More effective and better-tolerated second-generation agents are in the pipeline, with the first expected to emerge by the end of 2013. While many patients and providers are awaiting all-oral DAA regimens without interferon, many people with advanced liver disease need treatment now and cannot wait. HIV/HCV coinfected patients experience faster disease progression than those with HCV alone, and therefore may be candidates for earlier therapy.

Juan Macias from Hospital Universitario de Valme in Seville and colleagues assessed the risk of hepatic decompensation among HIV positive people with chronic hepatitis C coinfection who had advanced fibrosis or cirrhosis.
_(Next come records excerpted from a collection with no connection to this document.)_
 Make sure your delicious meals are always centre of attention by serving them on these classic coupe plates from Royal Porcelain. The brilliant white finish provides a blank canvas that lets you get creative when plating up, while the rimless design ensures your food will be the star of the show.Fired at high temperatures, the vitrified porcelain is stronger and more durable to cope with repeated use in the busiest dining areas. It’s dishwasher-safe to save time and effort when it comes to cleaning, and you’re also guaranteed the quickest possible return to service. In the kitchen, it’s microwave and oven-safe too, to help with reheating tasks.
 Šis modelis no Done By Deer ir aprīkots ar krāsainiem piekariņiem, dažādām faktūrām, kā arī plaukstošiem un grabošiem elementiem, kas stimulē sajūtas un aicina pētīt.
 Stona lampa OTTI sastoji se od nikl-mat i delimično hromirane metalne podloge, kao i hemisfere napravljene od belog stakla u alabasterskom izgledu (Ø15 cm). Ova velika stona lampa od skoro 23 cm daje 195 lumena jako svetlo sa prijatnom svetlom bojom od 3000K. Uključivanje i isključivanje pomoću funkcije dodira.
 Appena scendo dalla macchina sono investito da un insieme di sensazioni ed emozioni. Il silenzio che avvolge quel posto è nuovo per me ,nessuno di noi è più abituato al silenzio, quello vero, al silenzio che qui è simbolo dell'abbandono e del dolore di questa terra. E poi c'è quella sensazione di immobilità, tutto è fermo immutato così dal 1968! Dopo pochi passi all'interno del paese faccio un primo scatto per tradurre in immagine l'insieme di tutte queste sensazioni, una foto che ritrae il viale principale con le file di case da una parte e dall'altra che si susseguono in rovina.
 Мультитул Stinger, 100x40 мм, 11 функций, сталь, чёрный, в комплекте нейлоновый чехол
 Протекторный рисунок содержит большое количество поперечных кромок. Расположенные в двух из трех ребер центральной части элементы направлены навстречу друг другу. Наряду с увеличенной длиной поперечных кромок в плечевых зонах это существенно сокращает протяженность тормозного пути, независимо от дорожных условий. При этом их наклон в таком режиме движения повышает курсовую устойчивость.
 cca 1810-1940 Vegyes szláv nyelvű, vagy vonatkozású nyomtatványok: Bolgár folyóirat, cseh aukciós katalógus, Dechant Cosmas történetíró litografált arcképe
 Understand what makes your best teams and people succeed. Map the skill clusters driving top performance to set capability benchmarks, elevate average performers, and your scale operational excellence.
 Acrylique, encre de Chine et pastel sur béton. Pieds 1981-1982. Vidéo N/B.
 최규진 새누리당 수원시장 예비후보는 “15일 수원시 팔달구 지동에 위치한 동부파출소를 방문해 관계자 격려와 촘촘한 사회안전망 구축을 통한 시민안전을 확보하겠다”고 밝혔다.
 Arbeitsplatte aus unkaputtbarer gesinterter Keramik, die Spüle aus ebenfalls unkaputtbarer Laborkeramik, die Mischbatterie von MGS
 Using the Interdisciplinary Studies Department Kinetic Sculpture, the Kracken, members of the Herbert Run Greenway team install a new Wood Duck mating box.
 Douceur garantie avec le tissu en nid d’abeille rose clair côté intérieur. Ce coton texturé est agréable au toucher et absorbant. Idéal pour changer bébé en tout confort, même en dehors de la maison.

The researchers presented findings from 2 retrospective cohorts of coinfected patients, one with liver disease stage determined by traditional biopsies (n=317), the other estimated using liver stiffness measurements, or FibroScan (n=575). In both cohorts most participants were men, about 85% had a history of injection drug use, the median age was about 43 years, and about 60% had HCV genotype 1. At baseline the median CD4 T-cell count was 450 cells/mm3, most were on antiretroviral therapy, and a majority had suppressed HIV viral load. While 45% had previously been treated for hepatitis C, about 40% were prior null responders. In the biopsy cohort, 47% had advanced fibrosis (Metavir stage F3) and 53% had cirrhosis (stage F4). In the FibroScan cohort, the median liver stiffness was 15.4 kiloPascals (kPa).

Results

  • In the biopsy cohort, the incidence of decompensation was 1.4 per 100 person-years for people with stage F3 fibrosis and 3.1 per 100 person-years for those with stage F4 cirrhosis.
  • Among patients with F3 fibrosis, the probability of decompensation was 1% at 1 year, 2% at 3 years, and 5% at 5 years.
  • Among patients with cirrhosis, the corresponding probabilities were 4%, 13%, and 23%.
  • In the FibroScan cohort, the incidence of decompensation was 0.9 per 100 person-years for people with liver stiffness measurements of 9.5-14.5 kPa and 4.0 per 100 person-years for those with >14.6 kPa.
  • Among patients with 9.5-14.5 kPa, the probability of decompensation was 1% at 1 year, 3% at 3 years, and 4% at 5 years.
  • Among patients with >14.6 kPa, the probabilities were 7%, 17%, and 27%, respectively.
  • In a multivariate analysis of the biopsy cohort, having stage F4 cirrhosis vs F3 fibrosis was the only significant predictor of decompensation.
  • In the FibroScan cohort, both low platelet count and liver stiffness above the 14.6 kPa cutoff predicted decompensation.

"As in patients with cirrhosis, immediate therapy against HCV is warranted for patients with pre-cirrhosis and HIV coinfection, as they are at risk of liver decompensations soon after the diagnosis of advanced fibrosis," the investigators advised.

5/15/13

Reference

J Macias, A Camacho, MA von Wichmann, et al. Advanced fibrosis and the risk of liver decompensation among HIV/HCV-coinfected individuals: consequences for the timing of therapy against HCV. 48th Annual Meeting of the European Association for the Study of the Liver (EASL 2013). Amsterdam. April 24-28, 2013. Abstract 474.